There are two kinds of variables: routing variables and entity variables.
Routing variables can be persisted (which means the variable is set via the '=' glyph (or '+', '-') in the persistent variable set (see below)) and modified during the course of the existence of the circuit, making this a simple mechanism for protocol compression, whereas context entities may persist variables (meaning: they use the '=' modifier to set persistent variables) for all their members to keep for the entire duration of existence of the context, making it a decentralized storage vehicle.
Each context has it's own set of persistent entity variables. If the _context routing variable is NOT set persistent entity variables MUST NOT be changed. This means that persistent entity variable changing modifiers can only be used when _context is set, and thus updating persistent entity variables can only be done by a context.
Should a modifier change a persistent entity variable but _context is not set, the violation SHOULD be acquitted with a _failure_unsupported_state_persistent error packet and the circuit MAY be terminated. (See also Spec:Entity).

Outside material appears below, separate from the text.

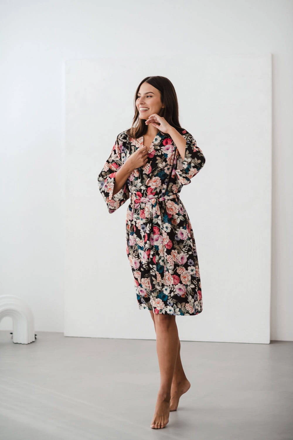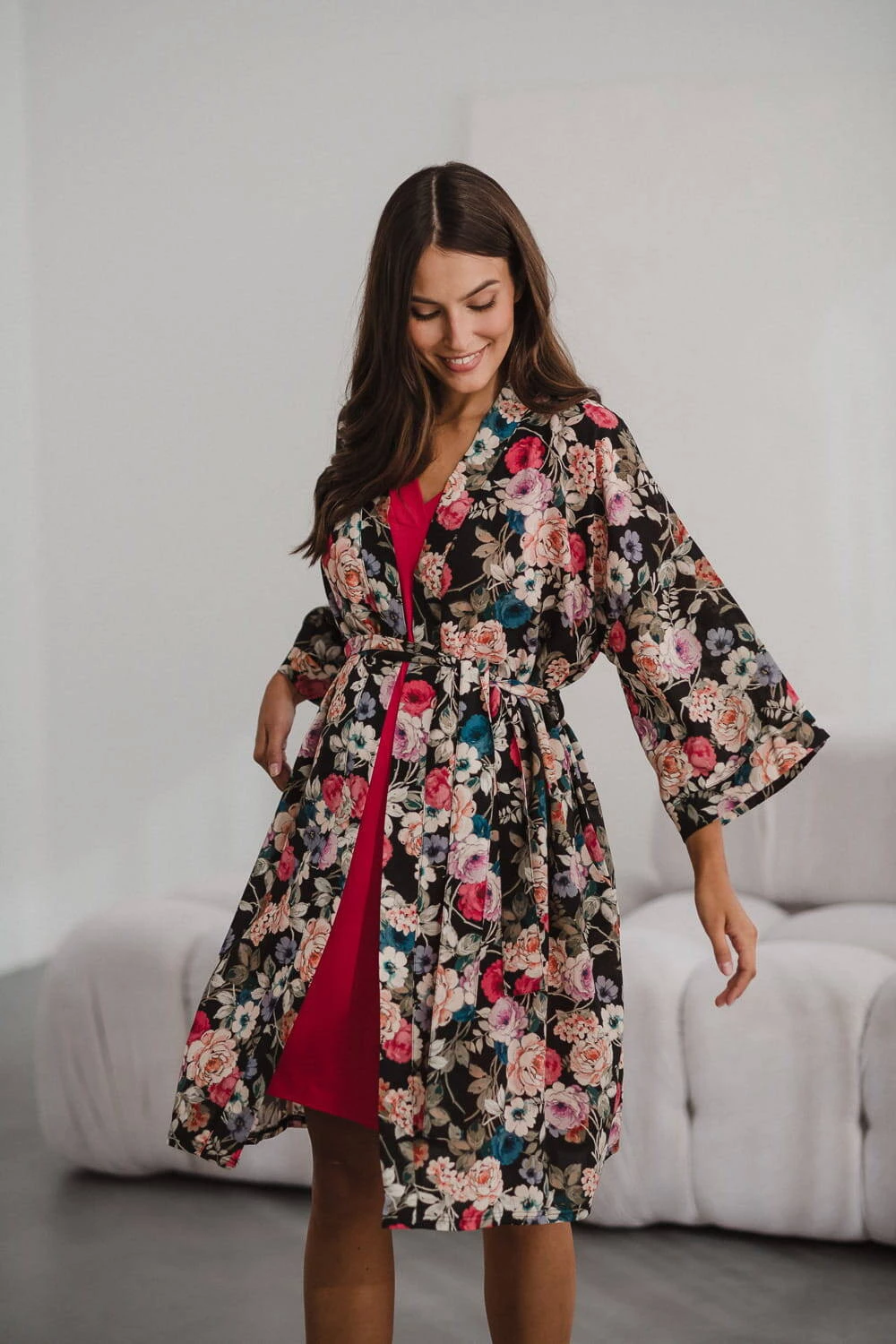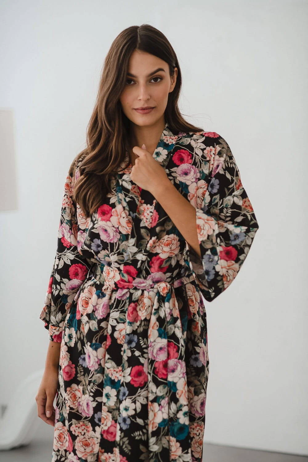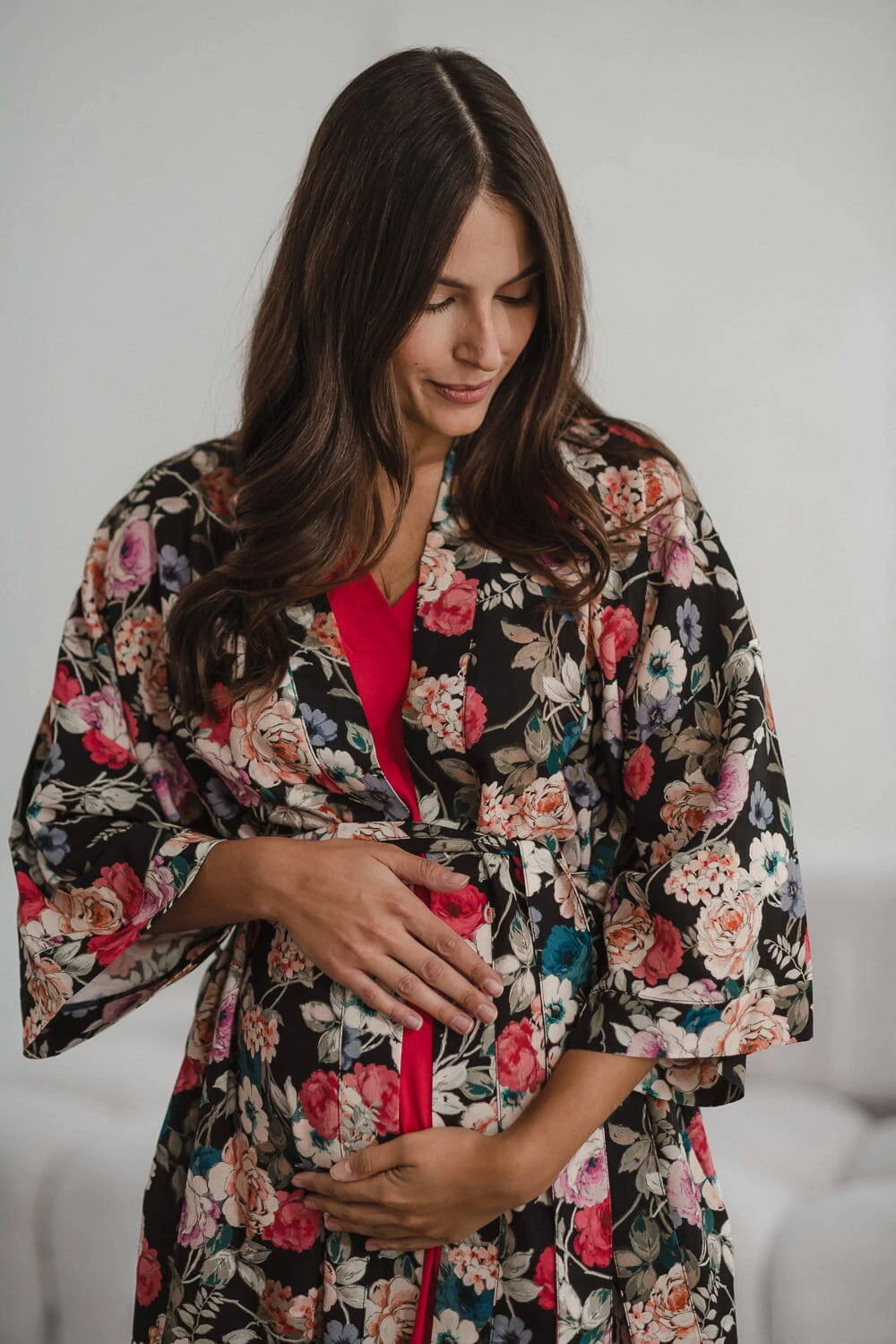 Entdecken Sie die magische Welt des Komforts und der Eleganz – schauen Sie sich unseren Umstandsbademantel in limitierter Auflage aus elegantem Blumenstoff mit Leinenzusatz an . Ein bequemer Bademantel ist ein Kleidungsstück, das zur Babyausstattung der werdenden Mutter gehören muss. Ein Umstandsbademantel für das Garden Hospital kann Ihre Oase der Ruhe und des Komforts sein – Viskose mit Leinenzusatz umhüllt Ihren Körper während der Schwangerschaft und nach der Geburt und sorgt für einzigartige Zartheit und ein Gefühl von Leichtigkeit. Ausreichend lang, ideal für die Zeit nach der Geburt, und die kurzen 7/8-Ärmel ermöglichen es Ihnen, alltägliche Aktivitäten frei auszuführen, ohne Ihre Bewegungen bei der Pflege Ihres Neugeborenen einzuschränken.

NOTE: In theory also unicast entity communications between a _source and a _target could each define a set of persistent variables. Such entity state (as opposed to context state) is however currently not supported as it raises storage requirements of PSYC implementations more than it is likely to prove useful. It is reserved for possible future use.
Out-of-context communication may however still refer to persistent variables from in-context communication in its psyctext template.
Each packet defines a set of current variables which may be different from the persistent set of variables. When passing the variables to an application, the programming interface SHOULD merge current routing and entity variables into a single structure.
See also Spec:State.
routing and entity modifiers
Each packet comes with a set of routing modifiers and entity modifiers. The routing modifiers belong to the routing-header and are separated by a newline from the entity modifiers (entity-modifier).
The routing modifiers modify the current and persistent routing variables. The entity modifiers modify the current and persistent entity variables.
This means that after you processed the routing modifiers (routing-mods) you need to find the persistent variables for the addressed entity (before processing content) before you continue to process the entity-modifier.
Current and persistent variable handling
When a packet is being parsed, the modifiers modify the set of current and persistent routing and entity variables. To do so, the set of current variables is initialized by the set of persistent variables before the modifiers are applied.
After the packet has been processed, the current routing and entity variables are the significant variables that belong to the instance of the parsed packet.
NOTE: You have to make sure that you don't apply the changes to the permanent routing variables until the whole routing header has been parsed. Same with the entity variables.
- = - The variable is modified in the set of current variables and the set of persistent variables. If no variable name is provided the persistent variables and current variables are deleted.
- : - The variable is only modified in the set of current variables.
- + - Only valid for _list variables. The elements in the modifier argument, which is a list, are appended to the permanent variables and the current variables.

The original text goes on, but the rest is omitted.